TASK DETAILS
Restate word for word the entries below, starting at the line with "This 1911 Belt" and ending at the line with "وفى ٢٩ أبريل". Keep both end lines and omit the pictures.

DATA EXTRACTS
————————

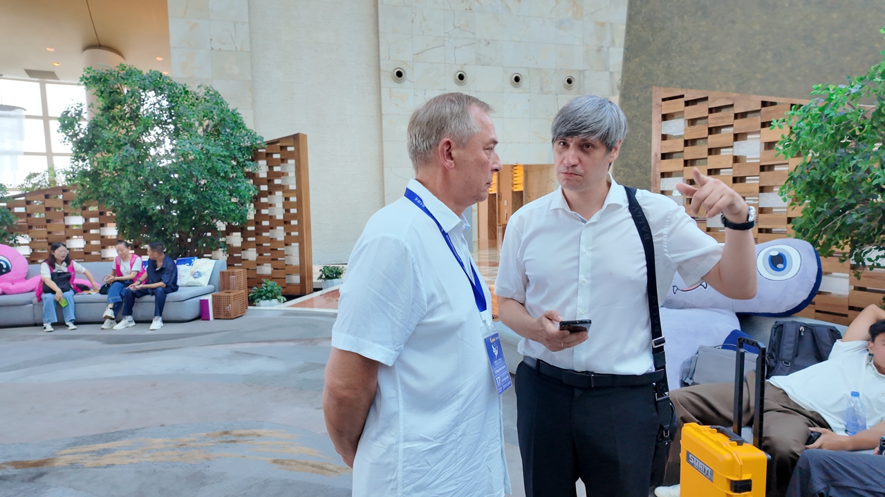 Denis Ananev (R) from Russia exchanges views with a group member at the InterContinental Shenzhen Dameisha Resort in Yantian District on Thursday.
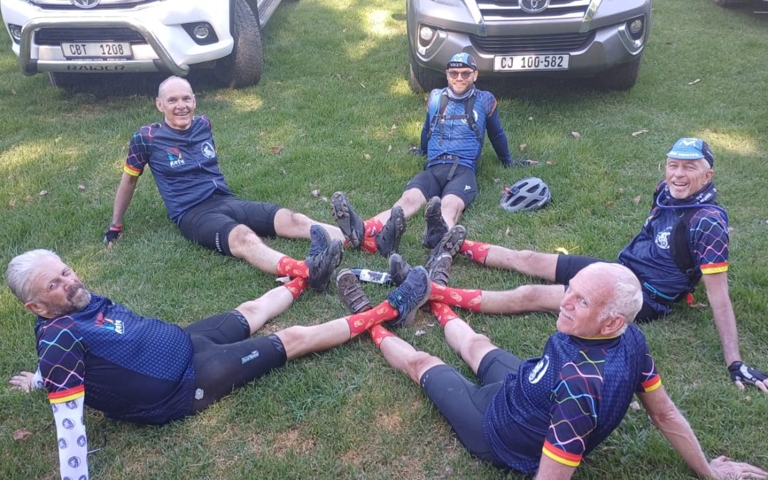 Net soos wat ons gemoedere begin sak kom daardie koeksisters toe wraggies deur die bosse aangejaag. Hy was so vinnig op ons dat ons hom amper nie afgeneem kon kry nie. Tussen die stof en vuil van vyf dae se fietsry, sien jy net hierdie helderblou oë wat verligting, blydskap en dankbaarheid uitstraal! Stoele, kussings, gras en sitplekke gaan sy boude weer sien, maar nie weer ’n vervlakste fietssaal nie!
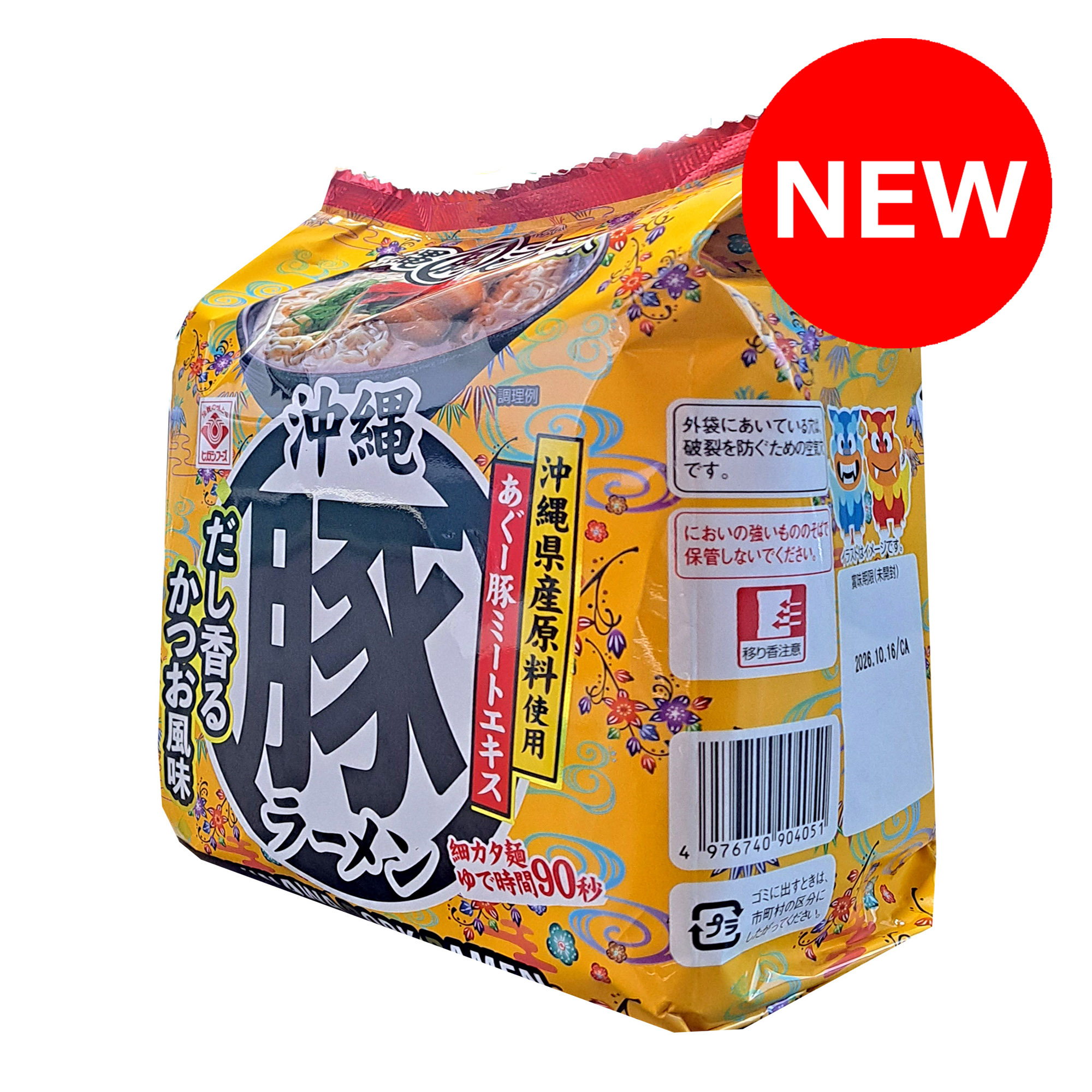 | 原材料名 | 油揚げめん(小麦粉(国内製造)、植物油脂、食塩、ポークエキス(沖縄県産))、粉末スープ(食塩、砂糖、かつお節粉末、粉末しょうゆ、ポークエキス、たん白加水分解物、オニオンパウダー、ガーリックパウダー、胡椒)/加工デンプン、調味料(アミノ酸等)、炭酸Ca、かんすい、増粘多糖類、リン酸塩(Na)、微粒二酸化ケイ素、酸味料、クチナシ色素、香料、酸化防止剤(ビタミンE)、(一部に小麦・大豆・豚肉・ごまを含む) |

————————

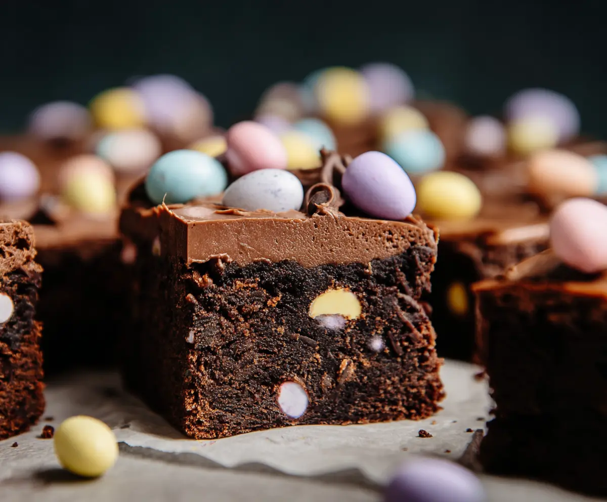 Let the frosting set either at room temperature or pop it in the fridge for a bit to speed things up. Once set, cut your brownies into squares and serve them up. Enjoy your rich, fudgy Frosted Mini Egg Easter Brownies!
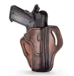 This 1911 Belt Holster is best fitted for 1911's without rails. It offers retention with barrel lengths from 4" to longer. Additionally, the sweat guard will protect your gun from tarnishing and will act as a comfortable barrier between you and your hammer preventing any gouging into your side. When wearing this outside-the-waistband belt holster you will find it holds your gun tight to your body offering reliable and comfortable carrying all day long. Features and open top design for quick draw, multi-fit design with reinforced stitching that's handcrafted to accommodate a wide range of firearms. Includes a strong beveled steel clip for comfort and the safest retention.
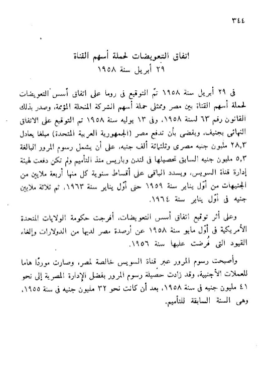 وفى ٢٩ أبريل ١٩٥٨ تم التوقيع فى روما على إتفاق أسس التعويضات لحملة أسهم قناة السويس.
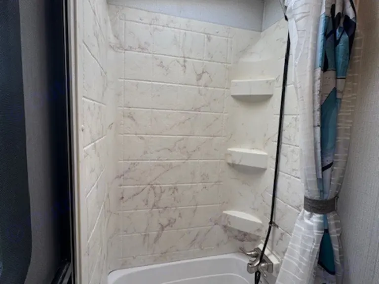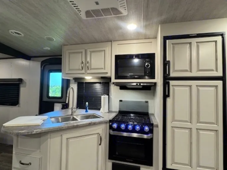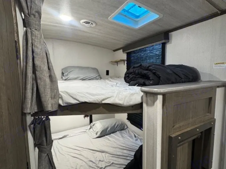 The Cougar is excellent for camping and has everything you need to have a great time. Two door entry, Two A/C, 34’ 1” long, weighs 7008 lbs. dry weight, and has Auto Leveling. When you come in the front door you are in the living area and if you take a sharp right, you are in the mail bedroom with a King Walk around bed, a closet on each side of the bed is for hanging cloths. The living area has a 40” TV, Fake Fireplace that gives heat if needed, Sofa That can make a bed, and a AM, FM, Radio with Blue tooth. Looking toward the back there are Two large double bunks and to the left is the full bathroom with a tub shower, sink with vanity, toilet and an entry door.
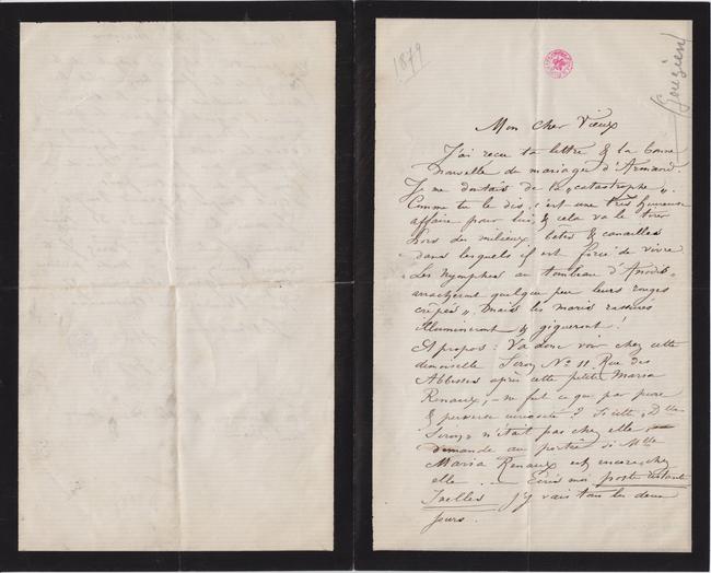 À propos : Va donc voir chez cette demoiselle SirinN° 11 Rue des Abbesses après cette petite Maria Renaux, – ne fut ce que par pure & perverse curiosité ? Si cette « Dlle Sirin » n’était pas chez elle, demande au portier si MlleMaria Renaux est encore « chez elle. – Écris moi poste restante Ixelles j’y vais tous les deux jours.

————————

WRITTEN SOLUTION
 This 1911 Belt Holster is best fitted for 1911's without rails. It offers retention with barrel lengths from 4" to longer. Additionally, the sweat guard will protect your gun from tarnishing and will act as a comfortable barrier between you and your hammer preventing any gouging into your side. When wearing this outside-the-waistband belt holster you will find it holds your gun tight to your body offering reliable and comfortable carrying all day long. Features and open top design for quick draw, multi-fit design with reinforced stitching that's handcrafted to accommodate a wide range of firearms. Includes a strong beveled steel clip for comfort and the safest retention.
 وفى ٢٩ أبريل ١٩٥٨ تم التوقيع فى روما على إتفاق أسس التعويضات لحملة أسهم قناة السويس.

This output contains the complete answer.